Indeed, word of Schumer’s hunting exploits was greeted with astonishment on both sides of the simmering gun control wars, in which Schumer came of age as a central player. His work on the Brady Bill’s handgun restriction turned him into, literally, a National Rifle Association poster child. The NRA’s favorite image pictures Schumer grinning under bright blue earmuffs as he demonstrates the deadliness of a stubby assault weapon.

“He just must have needed Nelson's vote very badly to do that,” said Tom King, the president of the New York State Rifle and Pistol Association, who called Schumer “patently anti-gun.”

Schumer says, however, that he favors only common sense and regionally varied restrictions on guns, and he has long bragged of winning, at summer camp, an NRA sharpshooting prize with a .22 rifle.

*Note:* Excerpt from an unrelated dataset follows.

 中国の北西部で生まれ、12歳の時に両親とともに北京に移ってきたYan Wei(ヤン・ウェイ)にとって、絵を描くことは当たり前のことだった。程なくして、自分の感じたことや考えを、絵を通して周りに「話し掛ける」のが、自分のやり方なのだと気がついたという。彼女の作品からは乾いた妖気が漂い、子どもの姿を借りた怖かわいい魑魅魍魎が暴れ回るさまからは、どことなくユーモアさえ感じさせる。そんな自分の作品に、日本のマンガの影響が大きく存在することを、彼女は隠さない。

“It surprised me he went out with Ben Nelson shooting, but it doesn’t surprise me that he shot a couple of birds,” said Jim Kessler, a former Schumer aide who later founded Americans for Gun Safety, a gun control group that was later folded into the group Third Way. “In 1994, if Chuck thought the way to win the assault weapons ban vote was to go out and hunt with [former Democratic Rep.] Bill Brewster of Oklahoma and shoot three birds, he would have done it.”

Schumer and Nelson differ slightly about the origins of the hunting trip. Schumer recalls Nelson telling him, in the spring, “You have to come out.”

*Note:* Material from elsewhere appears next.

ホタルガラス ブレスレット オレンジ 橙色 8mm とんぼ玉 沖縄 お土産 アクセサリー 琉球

“I’ve always wanted to go hunting,” he said.

“I thought he was kidding at first; I said 'sure,’” Nelson said. “And I finally said, 'If you are serious, I can arrange this.' And he was, and so I did.”

Schumer and Nelson also shot skeet. They also tooled around on ATVs, with Schumer’s wife, former New York City Transportation Commissioner Iris Weinshall, hanging onto the back of Nelson’s vehicle. (Her city job hadn’t involved much off-roading.) Schumer posed with his dead quarry, though he left it for Nelson to dress, before they retired to the lodge for a lunch of pheasant.

(“He would definitely want to eat it,” Kessler said of his former boss. “He’s got to eat it. He’d eat anything.”)

They did not, both senators said, talk health care.

“There wasn’t any lobbying effort, just two guys having fun and going hunting and watching football,” said Nelson.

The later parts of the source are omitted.